How to implement Cost allocation
Example Quotas for a multi-tenant Kafka cluster with 3 main projects:
In the above screen we have implemented one Kafka Quota per cost center (or per project team). We are using the Client-ID as the main identifier, and have added the guaranteed consume and produce rates. (The request percentage quota has been intentionally omitted, as it will not add any additional value)
Note: In addition to the predefined quotas, we have added a threashold of 1MB/sec
for CLIENTS DEFAULT
.
It is highly recommended to over-allocate and provide a default value for any “unnamed” client. That will
allow developers to use their favorite tools for data productivity and observability such as
kafka-console-consumer
, or Lenses
and also any application (micro-service, machine learning, data pipeline)
can still operate in a “slow lane” until they have migrated and are properly annotating which project they belong to.

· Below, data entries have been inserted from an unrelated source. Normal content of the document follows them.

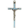 5 inch blue enameled crucifix with siver finish corpus (bod of Christ).
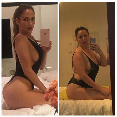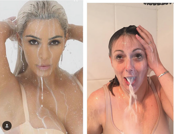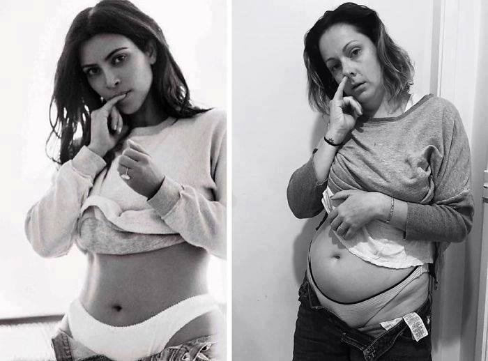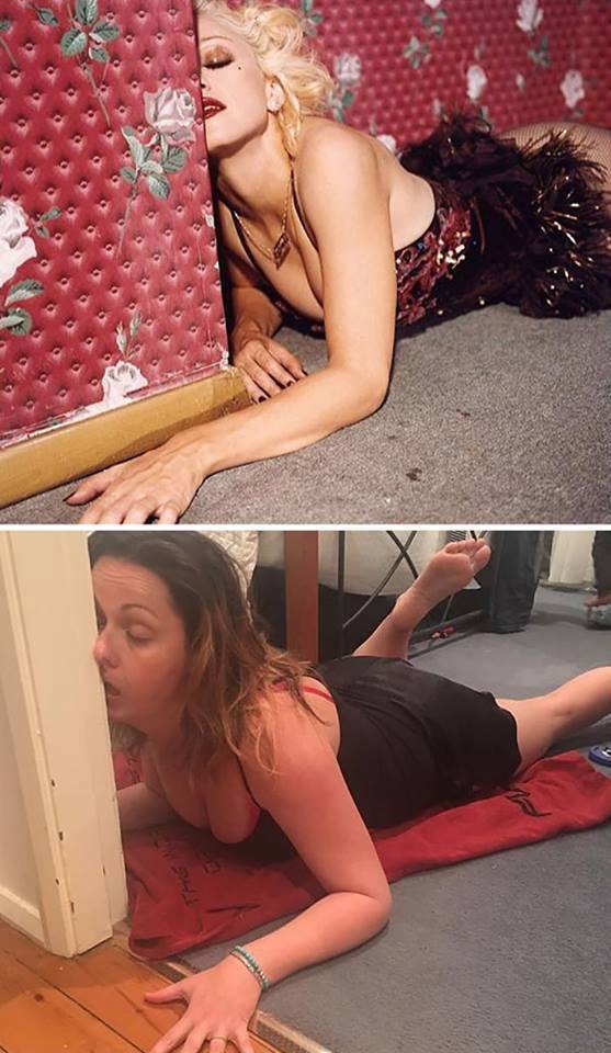 La chiquilla imita las poses más sexys de famosas, pero con nada de sensualidad, para luego publicarla junto a la original.
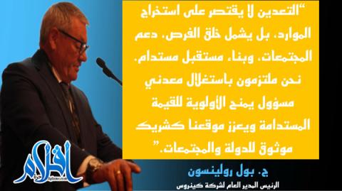 “إن التعدين لا يقتصر على استخراج الموارد الطبيعية فحسب، بل يشمل كذلك خلق الفرص الاقتصادية، ودعم المجتمعات المحلية، والمساهمة في بناء مستقبل مستدام. نحن في كينروس نؤكد التزامنا بممارسة استغلال معدني مسؤول، يمنح الأولوية لإيجاد قيمة مستدامة، ويعزز موقعنا كشريك موثوق لكل من الدولة والمجتمعات.”
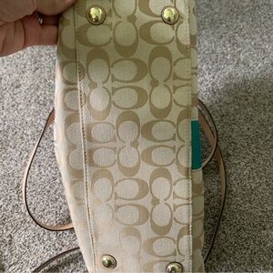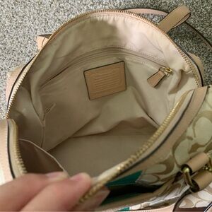 Coach Signature Stripe Khaki Emerald green shoulder Crossbody wallet Bundle EUC
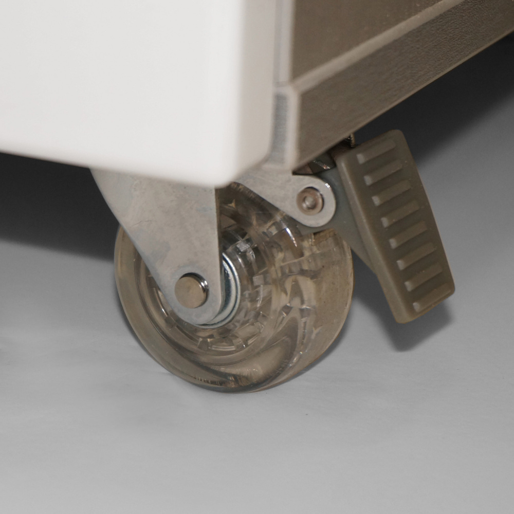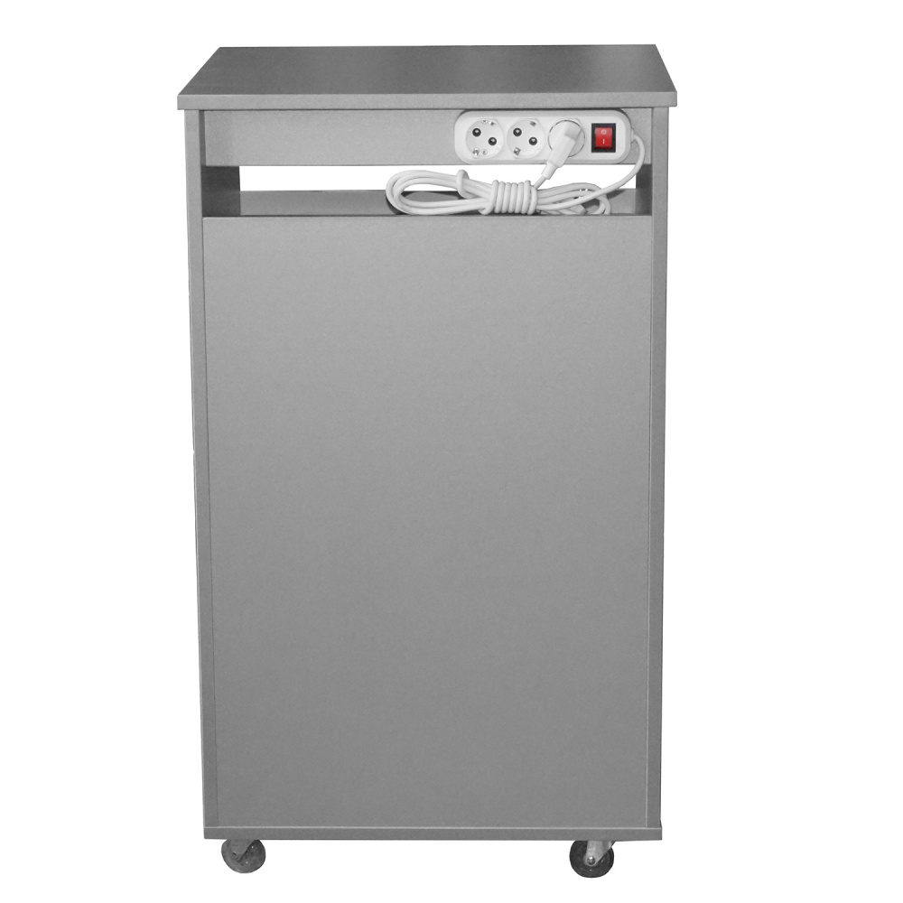 Универсальная тумба может использоваться как в педикюрном, так и в косметологическом кабинете. Средний ящик тумбы оснащен УФ-модулем с бактерицидной лампой для стерилизации инструмента. Включение и выключение лампы происходит автоматически при открытии и закрытии ящика.

For the technical reader, keep in mind that Apache Kafka implements a specific set of Quota precedence rules
.
For example a “named client” will always be allocated to the first matching /clients/<client-id>
quota, and any
“unnamed client” will fallback to /clients/<default>
.
Cost allocation reporting
On a large scale organization having 10s of Kafka clusters, all the Kafka quotas can be exported:
project | consume | produce | cluster |
---|---|---|---|
COST-CENTER-1 | 10 | 10 | US-EAST-MSK-1 |
COST-CENTER-2 | 6 | 6 | US-EAST-MSK-1 |
COST-CENTER-3 | 4 | 4 | US-EAST-MSK-1 |
COST-CENTER-1 | 10 | 10 | US-WEST-AZURE-1 |
COST-CENTER-5 | 10 | 10 | US-WEST-AZURE-1 |
COST-CENTER-8 | 5 | 5 | US-WEST-AZURE-1 |
And when joined with cost reports:
cluster | capacity | monthly_cost |
---|---|---|
US-EAST-MSK-1 | 20 | 2000 |
US-WEST-AZURE-1 | 25 | 2500 |
We can produce rich real-time views in dashboards:
Kafka Connect and tenants
When the data platform tenants are also using Kafka Connect
for bringing data in or out of Apache Kafka, the following
section is relevant. Additional info can be read at
KIP-411
Kafka Connect assigns a default client.id
to tasks in the form:
connector-consumer-{connectorId}-{taskId} # for sink tasks
connector-producer-{connectorId}-{taskId} # for source tasks
connector-dlq-producer-{connectorId}-{taskId} # for sink tasks Dead-letter queue
That means that the above QUOTA based model for cost allocation will not work for Kafka Connect.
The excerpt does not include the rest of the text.